[Source information]
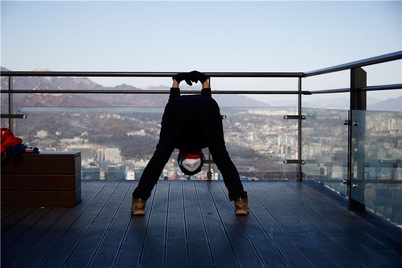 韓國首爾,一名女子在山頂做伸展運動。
[/Source information]
[Source information]
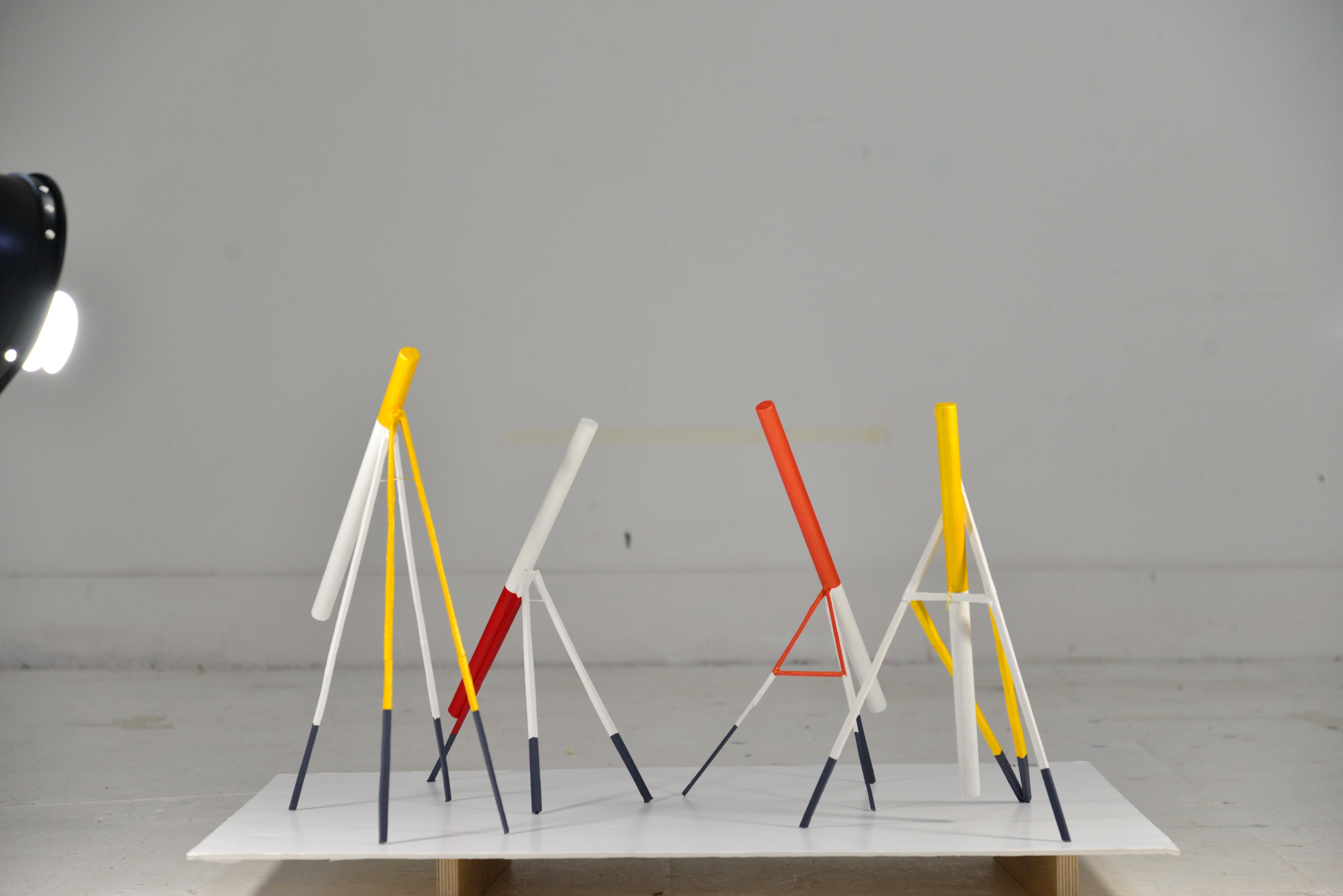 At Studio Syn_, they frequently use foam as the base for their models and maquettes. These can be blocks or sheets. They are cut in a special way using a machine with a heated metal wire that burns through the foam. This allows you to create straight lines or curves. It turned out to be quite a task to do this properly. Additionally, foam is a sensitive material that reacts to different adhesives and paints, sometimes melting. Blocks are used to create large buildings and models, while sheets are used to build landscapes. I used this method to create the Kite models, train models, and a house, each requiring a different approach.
[/Source information]
[Source information]
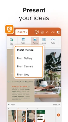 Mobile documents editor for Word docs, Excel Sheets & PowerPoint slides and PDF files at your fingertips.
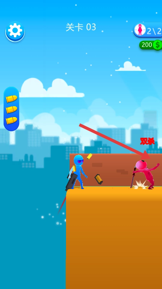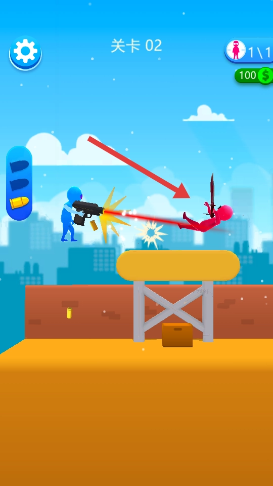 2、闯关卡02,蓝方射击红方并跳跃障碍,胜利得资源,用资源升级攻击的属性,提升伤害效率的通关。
[/Source information]
## Task item
Set down again, exactly, every line above from the one with "Mobile documents editor" down to the one with "2、闯关卡02,蓝方射击红方", both ends included. No pictures, and nothing else.

## Written solution
 Mobile documents editor for Word docs, Excel Sheets & PowerPoint slides and PDF files at your fingertips.
 2、闯关卡02,蓝方射击红方并跳跃障碍,胜利得资源,用资源升级攻击的属性,提升伤害效率的通关。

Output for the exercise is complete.